Provided by Dad's world famous
Categories Bread Yeast Bread Recipes Whole Grain Bread Recipes Rye Bread
Time 3h25m
Yield 14
Number Of Ingredients 10
Steps:
- Place bread flour, rye flour, potato flakes, caraway seeds, demarara sugar, yeast, and sea salt in the bowl of a large stand mixer. Turn mixer to low and thoroughly mix dry ingredients. Beat warm water, canola oil, and pickle juice into dry ingredients. Fit dough hook onto mixer and beat until dough is rough and shaggy-looking.
- Cover bowl with plastic wrap and let rest for exactly 30 minutes. Remove plastic wrap and knead dough in stand mixer with dough hook until smooth, firm, and only slightly sticky, 6 to 8 minutes. Turn dough onto a floured work surface and knead until smooth, 1 to 2 more minutes.

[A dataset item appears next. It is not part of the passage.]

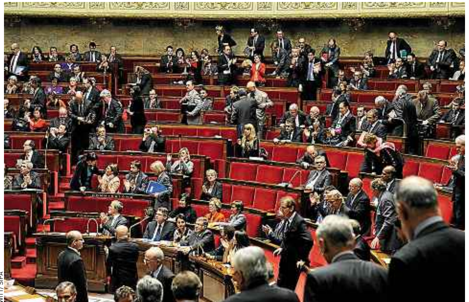
Le texte est critiqué par le Front de gauche, Europe Ecologie-Les Verts et le Parti communiste.

Plusieurs points promettent de belles prises de bec. Celui des accords de maintien dans l'emploi est brûlant. Les entreprises confrontées à de « graves difficultés conjoncturelles » pourront négocier, comme viennent de le faire Renault et PSA, des baisses du temps de travail et des salaires, pendant deux ans, en échange d'un maintien des effectifs, sous réserve de l'accord des syndicats représentant une majorité des salariés. « Et après ? Dans l'accord, il n'est pas dit que, si la crise passe, les conditions antérieures seront rétablies », a lancé Jean-Luc Mélenchon, le coprésident du Front de gauche, mardi sur BFMTV. Pour éviter un plan social, les

- Form dough into a ball, place dough into an oiled bowl, and turn dough around several times in bowl to coat with oil. Cover the bowl with plastic wrap, set into a warm place, and let rise until nearly double, about 1 hour.

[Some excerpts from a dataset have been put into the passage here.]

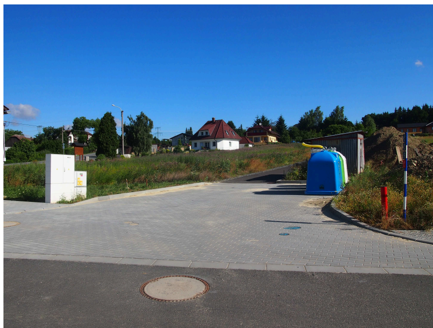
ÚČELOVÁ KOMUNIKACE 19.1u
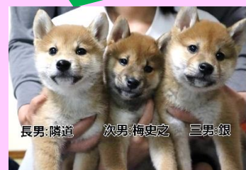
長男:隣道 次男:梅史之 三男:銀

長男の隣道です。僕の弟たちは、それぞれ新しい飼い主さんのところで可愛がってもらっているよ！みんな愛東に住んでいるから、たまに集合すると激しいじゃれ合いがはじまるんだ！結果、僕がマウントとるけどね
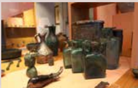
Trésor de la tombe dite « de Marcus », musée Juliobona

Un projet de scénographie urbaine permettra de mieux comprendre le développement de la ville aux époques antique, médiévale et contemporaine. Les différents éléments de ce parcours faciliteront notamment la compréhension de l'organisation de Juliobona par les habitants et touristes actuels.

- Grease a 5x9-inch loaf pan. Turn dough onto a lightly oiled surface, shape into a log, and place into prepared loaf pan. Cover with a cloth kitchen towel and let rise until top of dough has risen slightly over top of pan, 60 to 90 minutes.
- Place rack in middle of oven and preheat oven to 350 degrees F (175 degrees C).
- Bake loaf until golden brown and cooked through, about 35 minutes. The internal temperature of the bread should be 190 degrees F (90 degrees C). If loaf browns too quickly, cover loosely with a tent of aluminum foil with shiny side out. Remove from pan and cool on wire rack.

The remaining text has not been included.